Step by Step Analysis on the Role played by Social class and Gender on the Titanic survivability.

Henry Biko
6 min readDec 19, 2020
Photo by NOAA on Unsplash

Table of Contents

  1. Introduction
  2. Tutorial
  3. Summary
  4. References

Introduction

What is social class; social class mostly assumes three general economic categories: a very affluent and wealthy upper class that holds and manages the means of production; a middle class of skilled workers, small business owners and low-level managers; and a lower class that depends on low-paying employment for their livelihoods and experience poverty.

Below, I’ll offer a Python tutorial on using ensembled learning through Random Forest. In addition to Classification, we will perform sharp analysis and do statistical analysis on our variables of interest. Feel free to use the code.

Tutorial

Photo by Wahid Khene on Unsplash

Supervised Classification Model

This tutorial includes importing important libraries, preprocessing titanic data, creating a clustering model, utilizing principal component analysis.

The code below includes loading necessary packages that are essential in preparatory data step for the model. Several large libraries may be imported, although some are most certainly used already like pandas and matplotlib.

Loading necessary packages for data preparatory

The next section includes using the imported libraries to read the data, check what type of variables you have as well as the missing values.

Checking missing values is important as it may greatly impact the results of your analysis. Once we have confirmed the missing values like in this case, we had a high number of missing values on the age column. As the age factor is one of our variable of interest we will consider a different method of imputation instead of dropping the missing values on the age row

Percentage of missing entries per column

Filling in missing values on the age variable

In our case, we will use KNN as it is accurate than other imputation methods such as mean, median or most frequent imputation methods.

Data Cleaning

The next step involves dropping all NA’s and removing variables that may not be of interest, for example, Name_wiki, Hometown, Destination, Name, Boarded, Ticket, Embarked. This is because some of the variables like Ticket is represented by class: first-class ticket, second class etc. while some variables are ideally not useful for analysis for example Name, it does not make logical sense that one's name would affect one's survivability.

Other steps taken are changing the variable type to the desired one: for example, Survived should be of type int and not float as its a label :1, represents alive while 0 represents dead.

Encoding

The last stage in our data preprocessing is encoding. Since Random Forest is a type of machine learning model and all ML models require that input and output variables are numbers. We will use OrdinalEncoder from sklearn to encode Gender column after which we will drop the column and remain with the encoded one.
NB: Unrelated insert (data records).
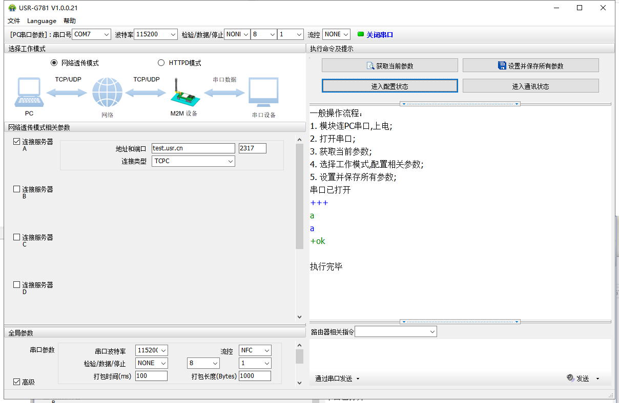 如下,打開串口,點擊進入配置狀態(tài),返回OK則表示成功進入配置狀態(tài)。
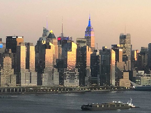 HIGHLY SOUGHT AFTER SOUTHWEST CORNER. 1 BEDROOM 1.5 BATH CONDO. NYC AND HUDSON RIVER VIEWS FROM MIDTOWN TO DOWNTOWN NY FROM YOUR PRIVATE COVERED BALCONY. 180 DEGREES OF EASTERN SOUTHERN AND WESTERN EXPOSURE. WALL OF WINDOWS CAPTURING BREATHTAKING SUNSETS THROUGHOUT APARTMENT. THE 1,060 SQ FT HOME FEATURES A WINDOWED KITCHEN WITH BOSCH APPLIANCES, BUILT IN WINE REFRIGERATOR, DESIGNER CABINETRY, UPDATED BATHROOMS AND A MULTITUDE OF CLOSETS! AMENITIES INCLUDE 24HR CONCIERGE AND SECURITY, OUTDOOR SEASONAL POOL, SAUNA, GYM, LAUNDRY ON EVERY FLOOR, ASSIGNED INDOOR PARKING SPACE, ON SITE MANAGEMENT AND MUCH MORE. THE PARKER IMPERIAL IS A PET FRIENDLY BUILDING ADJACENT TO JAMES BRADDOCK PARK, A 167 ACRE GREEN OASIS, PROVIDING MANY OUTDOOR ACTIVITIES. ENJOY TENNIS, WALKING TRAILS, BALL FIELDS AND CYCLING. FULLY STOCKED LAKE FOR FRESH WATER FISHING AND BRAND NEW "NATURES PARK CAFE" RIGHT ON THE LAKE. NY TRANSIT AND FERRY SHUTTLE SERVICES AT YOUR DOORSTEP, EXCITING SHOPPING AND RESTAURANTS MINUTES AWAY. WELCOME HOME.
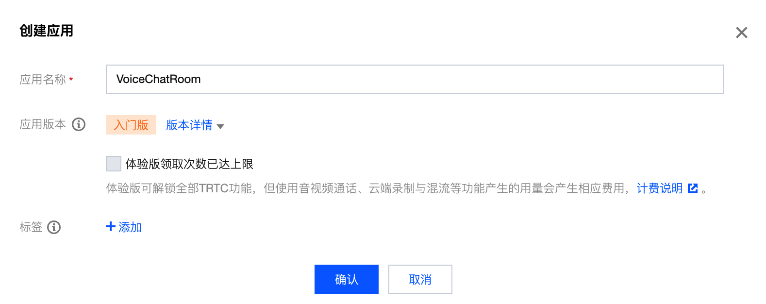 1. 首先,您需要登录 实时音视频 TRTC 控制台 创建应用,您可根据需要选择升级 TRTC 应用版本,例如旗舰版可解锁更多增值功能服务。

Encoded Gender where 1 represents male and 0 female

Model creation

We are now done with data preprocessing. The next steps left are dividing the data into train and test and then creating our model and feeding the data.

Random Forest Model

Evaluating the model

In this part, we will perform f1_score, Accuracy, recall and precision test. I will show you how to do them but won’t go into much detail, given that they are not the target of this paper.

Model evaluation results

Validation of the results

Here we will validate our accuracy results above using cross-validation; this will ensure that there was no overfitting and that our results were not biased.

Performing Shap test to check how each variable contributed to decision making

The results from Shap analysis shows that Gender and Fare(representing social class) contributed most on the model decision making, which brings us back to our topic of interest. In the next steps, we will perform some statistical analysis to verify our hypothesis of whether Gender and Social class contributed to survivability.
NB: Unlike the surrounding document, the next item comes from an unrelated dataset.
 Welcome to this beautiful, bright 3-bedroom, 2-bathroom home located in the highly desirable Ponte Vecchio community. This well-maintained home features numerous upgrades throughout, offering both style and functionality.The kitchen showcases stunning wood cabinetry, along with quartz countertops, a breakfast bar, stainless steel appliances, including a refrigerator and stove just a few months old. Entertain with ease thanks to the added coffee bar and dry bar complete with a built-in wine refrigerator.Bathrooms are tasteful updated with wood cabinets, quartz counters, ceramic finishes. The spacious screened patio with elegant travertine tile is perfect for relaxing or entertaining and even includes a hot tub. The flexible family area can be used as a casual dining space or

Statistical analysis and hypothesis testing

In this section, we will apply Paired sampled t-test to analyze the survivability chance by Gender. We will then use of significance test to conclude whether gender played a role.
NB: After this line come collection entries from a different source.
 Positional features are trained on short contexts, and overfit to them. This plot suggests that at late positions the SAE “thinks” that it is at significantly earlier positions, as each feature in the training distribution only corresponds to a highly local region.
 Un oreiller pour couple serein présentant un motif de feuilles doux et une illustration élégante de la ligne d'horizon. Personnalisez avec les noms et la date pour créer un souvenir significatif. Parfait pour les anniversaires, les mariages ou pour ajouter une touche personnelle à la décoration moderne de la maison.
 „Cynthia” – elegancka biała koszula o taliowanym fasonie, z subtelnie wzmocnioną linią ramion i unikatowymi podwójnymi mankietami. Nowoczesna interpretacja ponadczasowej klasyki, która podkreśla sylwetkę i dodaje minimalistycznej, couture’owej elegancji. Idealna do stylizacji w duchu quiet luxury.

We will group the samples by Gender and collect sample randomly from both gender’s who are over 18, assuming anyone younger than 18 would be grouped as a child. We will then analyze the mean of the number of survivors from the random samples.

Grouping our samples by Gender

The code below selects samples from both groups that are over 18. Then performs random sampling from both groups independently to limit bias sampling

Hypothesis testing

H0: Women are more likely to have survived the Titanic ship sink than men, i.e. Gender had an influence
H1: Gender did not influence the chances of surviving Titanic

Gender hypothesis testing results

The p_value<0.05 and thus our results conclude that gender played a role in the likelihood of one surviving the Titanic ship accident

Analysis by Social class (Part of Statistical Analysis)

In this section, we will analyze whether social class played a role in titanic accident survivability.

We will group the data by social class, as shown below. The Titanic had three passenger class that was based on fare: 1st class represented by 1 paid the most followed by 2nd class and finally 3rd class.

Grouping titanic data into a different social class

We will then resample randomly from 1st class and 3rd class and perform statistical analysis. Resampling randomly helps us avoid bias.

Hypothesis testing

H0: Social Status affected the likelihood of survival
H1: Social Status did not affect the likelihood of survival

Social class hypothesis results

The p_value<0.05 and thus our results conclude that social class played a role in the likelihood of one surviving the Titanic ship accident

Summary

Statistical analyses of social class conclude passengers in a higher social class putting all other factors constant had a higher chance of surviving a titanic accident. This is supported by other research such as one on Washington Post, that showed that the Titanic sank at night, and most third-class passengers were well below the dock, making access impossible. Gender also played a role as women and childer were saved more compared to there male counterpart (Hall, 1986)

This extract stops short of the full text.